Let us know which way you'd want us to move forward @PragmaTwice @torwig @aleksraiden

tejaslodayadd avatar Nov 25 '25 01:11 tejaslodayadd

@tejaslodayadd Thanks for your contribution.

I just had a glance at this PR and have two questions about the design:

  • When would the size in metadata be updated? It seems the size won't be corrected after the compaction.
  • Should we also take care of the HSCAN command? Let's filter out the expired fields.

From my personal perspective, it's acceptable to sacrifice the short-term correctness of a command like HLEN to improve performance.

git-hulk avatar Nov 25 '25 03:11 git-hulk

Hi, thank you for your contribution. I skimmed through and found some issue in this design:

  • "New format (with expiration): [0xFF][flags][8-byte timestamp][value]". Hmm the hash field value can actually be binary, so even in the old encoding, the first byte of the value CAN BE 0xff. How to distinguish them? I think the answer is negative.
  • -2 = field doesn't exist, 1 = expiration set, 0 = expiration not set (e.g., invalid expire time). Usually this comment indicates that you should use enum classes instead of integers.
  • the size field in metatdata seems not well mantained, in compaction filters.
  • it seems HashFieldValue can be a view (zero-copy)?
  • The code seems vibe-coded. It is fine but there are lots of useless code comment and the PR author should understand details of the llm-written code (so that the review process can be meaningful).

PragmaTwice avatar Nov 25 '25 04:11 PragmaTwice

@git-hulk @PragmaTwice FYI I'm going to help @tejaslodayadd with this PR. I've addressed few of the comments you folks left.
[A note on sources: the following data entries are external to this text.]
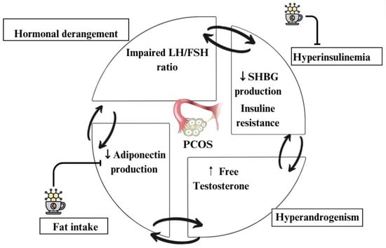 Furthermore, some studies suggest that coffee consumption affects the regulation of PCOS-related hormones [,]. In women with PCOS, there is a disruption in ovarian function, and the hypothalamic–pituitary axis is implicated due to abnormal and irregular secretion of the Follicle–Stimulating Hormone (FSH) and the Luteinizing Hormone (LH). Altered leptin levels, impacting GnRH release, further disrupt the hypothalamic–pituitary–gonadal axis and may lead to excess androgen synthesis associated with PCOS []. Coffee extract may reduce circulating leptin levels, ultimately contributing to enhanced steroidogenesis [,].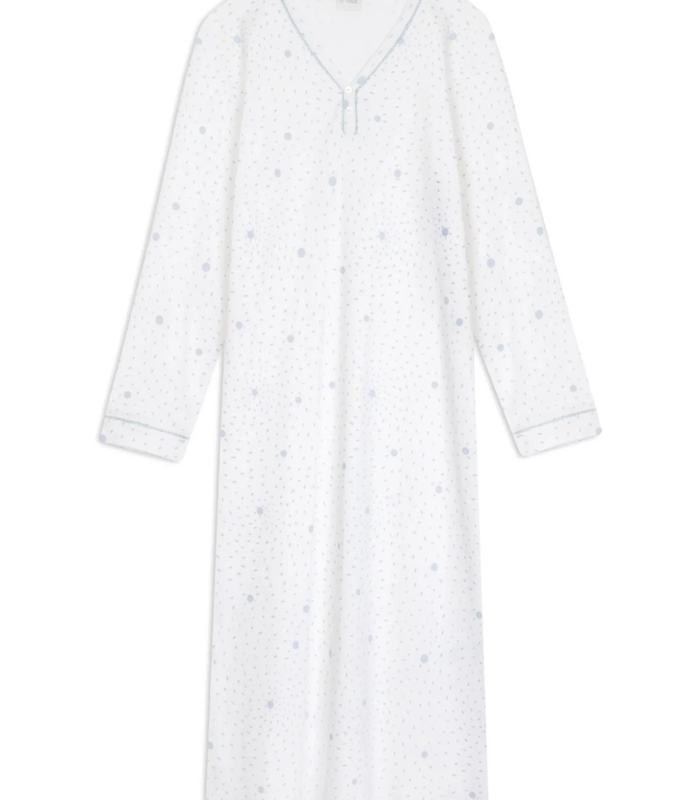 Het valt op door de zorgvuldige afwerking en de delicate print, verkrijgbaar in twee uitvoeringen: grijs op een lichtroze achtergrond of hemelsblauw op een ecru achtergrond. Maak je nachtkleding compleet met de Club– of Kelly–jas, een kamerjas, een badjas of een Essentiel–jas om je warm te houden als je uit bed stapt.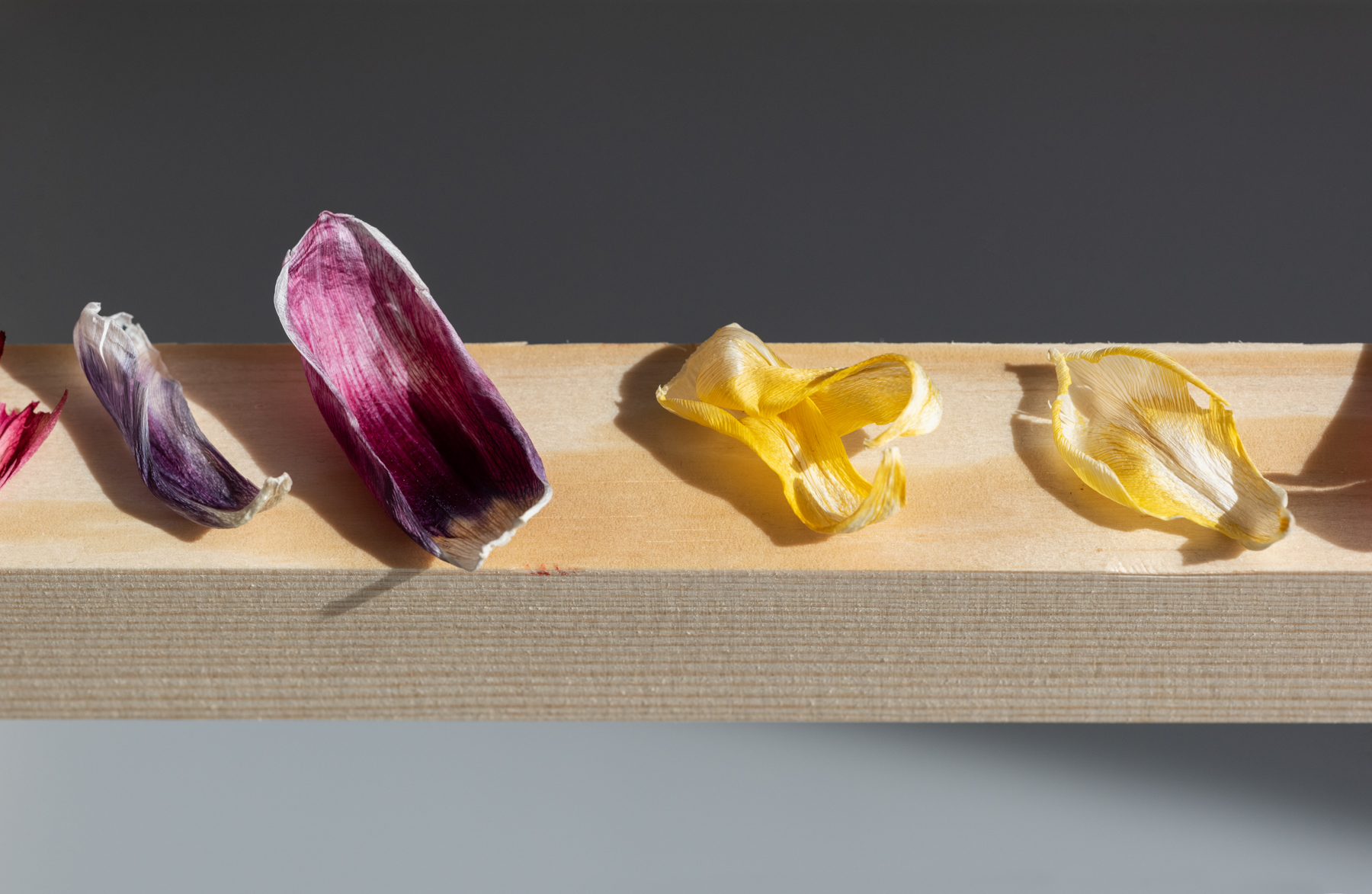 One of my favorite works by Karoline Sætre is the work Gammelvollen shown in her master exhibition at the Malmö Academy of the Arts a few years ago. On both sides of an end wall stood two platforms of moss; on one a rifle bullet and on the other the tooth of a moose, both resting on small cubes of glass. I remember the intense smell of moss ripping through my nostrils – and from it, water droplets that evaporated and clung to the glass. The sensory impressions evoked the experience of being present at the actual event, but as a physical manifestation of the splicing that distances memories from reality, the architecture of the space became a boundary that blocked our sight and prevented us from studying the objects from more than one perspective at a time – as the moose or as the hunter. If a moose, against all odds, were to get lost and step inside to see Karoline Sætre’s current exhibition at Babel, the various shades of burgundy, pink and neon orange would melt into, for the moose, more recognizable shades of brown. But what the moose lacks in color vision it makes up for with its wide field of view; its eyes practically placed on the side of its head look both to its side, its front and behind it at the same time. In other words, if you ever meet a moose, it is very likely that it saw you first.

I'm currently debating how to proceed with the compaction size/problem. during compaction of the default CF we can't update the metadata CF (where the hash size is), so i think we could go for a lazy repair pattern:

  • during compactions if a field is expired we just update it's value to a STUB value (0xFE) so we immediately reclaim the disk space
  • during read operations like HGET, HGETALL, HSCAN we do a synchronous/asynchronous Repair:
    • Create an Atomic WriteBatch.
    • Delete the key from defaultCF.
    • Update/Merge the count in metadataCF.
    • Commit.

What do you folks think about this approach?

ltagliamonte-dd avatar Dec 02 '25 22:12 ltagliamonte-dd

when it comes to:

i've implemented a new format that uses a two-byte magic marker (0xFF 0xFE) instead of a single byte, let me know if this works for you @PragmaTwice

New format: [[0xFF][0xFE][1-byte flags][8-byte timestamp if flag set][value]] Old format: [[0xFF][1-byte flags][8-byte timestamp if flag set][value]]

ltagliamonte-dd avatar Dec 02 '25 23:12 ltagliamonte-dd

@PragmaTwice @git-hulk Just pushed the lazy repair approach discussed before, looking forward to your feedbacks! Thanks!